In wilderness, I had developed genuine feelings for Isabel, but I was able to accept that it was the wrong time to act on those feelings. This situation with Janie was entirely different. I didn’t feel like I’d been doing any work on myself, and I was lonely and in desperate need of some sort of escape. I wasn’t strong or self-aware enough to realize I was returning to my old pattern of glomming onto whoever showed interest in me merely because it felt better than being alone. 

 

Assignment 7: Setting

Take Her Down is divided into four parts, and the setting varies throughout.

Part I: Veronica

Part I takes place in British Columbia, Canada. I live in West Vancouver with my mother, my stepfather, and my older sister. I am in Grade Eleven at a fancy private school, also located in West Vancouver. After I meet Veronica in downtown Vancouver on an unusually warm February evening, I start spending less time at home and at school. I am usually with Veronica, riding around in her grey Honda Civic, sleeping together in cheap motels, or warming ourselves with alcohol and bonfires on the beach. Veronica and I end up moving into a small one-bedroom apartment together, also in West Vancouver, but very different from my large family home. Our apartment is on the seventeenth floor of an old high-rise overlooking a shopping mall, about a fifteen-minute drive from the highly sought-after neighborhood I grew up in. 

Part II: Rehab

Part II takes place in two different locations: a rehabilitation center in the suburbs of Minneapolis, and a psychiatric hospital in rural Wisconsin. 

The accommodations in rehab consist of small rooms, each containing three or four identical beds, dressers, and desks. I spend a lot of time sitting outside at a picnic table in the designated smoking area or lounging on one of the worn leather couches in the common room.

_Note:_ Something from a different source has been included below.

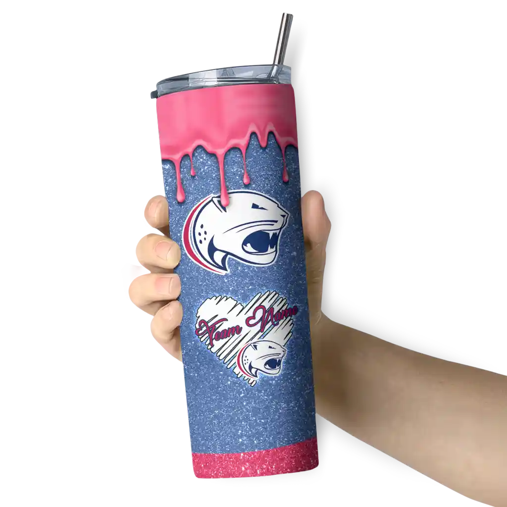 No question about it—the Customized South Alabama Jaguars Geometric Prism Blue Curved Tumbler is the ultimate way to stay refreshed while rocking your South Alabama Jaguars pride. From the stadium to your tailgate, or just chilling at home, this sleek tumbler makes sure you stay hydrated in style. What’s in the box? A stainless steel tumbler, clear lid, and removable straw—all the essentials for keeping your favorite drinks on point!
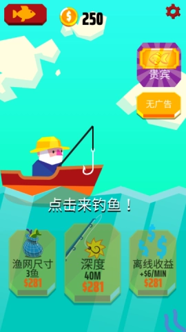 3、即使在你离开游戏时,老渔夫也帮助你继续赚钱,收获不再受时间限制。

The psychiatric hospital in Wisconsin is a multi-story brick building, each floor of which is a different ward. I start out in a mostly empty ward, where I have my own fluorescently lit room. I take my meals in a dining hall resembling a small school cafeteria. I end up being sent to the first floor—lockdown—which reminds me of the psych wards portrayed in old, disturbing films like One Flew Over the Cuckoo’s Nest. 

Part III: Wilderness

Part III takes place in the Utah wilderness. There are no buildings in sight, only rolling hills carpeted in sage bushes and red dirt. I am stuck out there, miles away from civilization, with a group of other girls and a few staff members. We hike through the mountains during the day, setting up a new campsite the same way every night. Dinner is eaten around a large fire, our large backpacks resting in a neat row nearby. We each sleep in our own individual shelters, constructed of bright blue tarps and colorful cordage. Part III opens in September, when the weather is mild and unthreatening. By December, the ground is blanketed in snow, and the temperature at night drops well below zero.

Part IV: The Ranch

The first two chapters of Part IV take place in a residential treatment center in the suburbs of Salt Lake City. It is an institutional setting resembling a large boarding school, the main difference being the fist-sized red lights above all the exterior doors, signifying that I am locked inside.

The rest of Part IV takes place at a ranch that doubles as a residential treatment center for youth aged thirteen to eighteen. The ranch is located in a small town about an hour south of Salt Lake City. I live in a cozy stone house with several other girls, and there is another similar house nearby for the male residents. There are various other buildings and structures scattered around the large campus, including: a long, low barn containing horse stalls and an indoor riding corral; the girls’ schoolhouse, attached to the front of the barn; a ropes course centered around a self-supported wooden climbing wall; a two-story building containing a cafeteria and gym on the first floor and the boys’ schoolhouse on the second floor; an outdoor riding corral; several outdoor horse stalls; and a large field with two rows of small beige hutches, each housing a young, knobby-kneed calf.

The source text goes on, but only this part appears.